Rural locality in Vyborgsky District, Russia

Kamenka (Ка́менка; Kaukjärvi) is a rural locality (a logging depot settlement) in Vyborgsky District of Leningrad Oblast, Russia, it is located on the Karelian Isthmus to the west of Kirillovskoye railway station. Population:

Within the framework of municipal divisions, it is a part of Polyanskoye Rural Settlement (with the administrative center in Polyany) in Vyborgsky Municipal District.

The Nikolayevsky artillery range (now Bobochinsky military tank training range) has been situated to the east of Kamenka since 1913. The 138th Guards Motor Rifle Brigade, formerly the 45th Guards Motor Rifle Division, is located here.

==History==
From the 1323 Treaty of Nöteborg the area was a part of Sweden, administered first as a part of the Mohla (Muolaa) and since 1445 Nykyrka (Uusikirkko) parish, until the cessation of its parish to Russia in the 1721 Treaty of Nystad alongside the Karelian Isthmus part of the Viborg and Nyslott County. In 1812, the parish was reincorporated to the Grand Duchy of Finland alongside other Old Finland (areas of Finland which Russia had acquired in 1721 and 1743, prior to the transfer of the remaining Finland from Sweden to the Russian Empire as an autonomous realm).
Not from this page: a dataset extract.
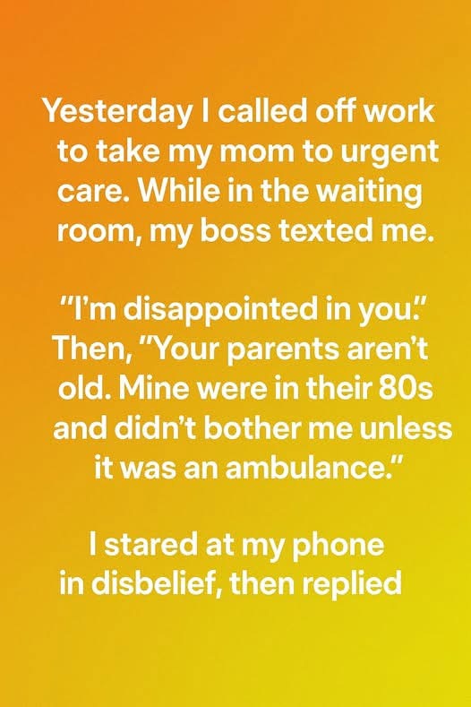 Yesterday, I had to call off work unexpectedly to take my mom to urgent care. She wasn’t feeling well, and her symptoms had come on suddenly. I didn’t want to risk waiting, so I canceled my day and rushed her to the clinic. While sitting in the waiting room, my heart raced as I kept glancing over at her. She tried to smile, insisting she’d be fine, but I could see the worry in her eyes. Just then, my phone buzzed. It was a message from my boss. “I’m disappointed in you,” it read.

The village was first mentioned in 1348. A church (initially Roman Catholic and since the Swedish Reformation Lutheran) dedicated to Saint Birgitta was built in the village during the Middle Ages. Over time the church began to crumble, and the local peasants would have wanted to build a new church, but the priesthood were reluctant. By 1781 the church was in such a bad shape that it was no longer considered suitable for renovation, and the wooden beams were sold to the peasants. The last (Lutheran) burials were conducted to the adjacent cemetery also in 1781.

An Orthodox church dedicated to Saint Nicholas was built into the village in 1853. It was burnt down during the Winter War. The Orthodox church also had a small cemetery, which is in ruins nowadays.

A sawmill was built on the site of the old Lutheran church in the early 1900s, which caused anger in the locals, as during its construction bones from the old Lutheran cemetery were discovered.

The Nikolayevsky artillery range to the east of the village was founded for the Imperial Russian Army in 1913.

When Finland gained independence in 1917, the village, being a part of the Grand Duchy, became a part of independent Finland.

In 1933 a public school was opened in the village.

Prior to the complete evacuation of inhabitants in 1939 due to the Winter War, there were 159 houses in the village, of which 145 were inhabited.

During the interwar years, the artillery range was known as Perkjärvi artillery range when it was administered by the Finnish Army until the 1940 Moscow Peace Treaty which ceded the Karelian Isthmus to the Soviet Union. During the interwar years, it was the main artillery range of the Finnish Army.

The name Kamenka was assigned by the Soviet Union to the village from 13 January 1949.

A new orthodox church was built in Kamenka in 2001, dedicated to the Saint George.

In 2011 Finnish and Russian archeologists discovered what are supposedly the foundations of the old Lutheran church.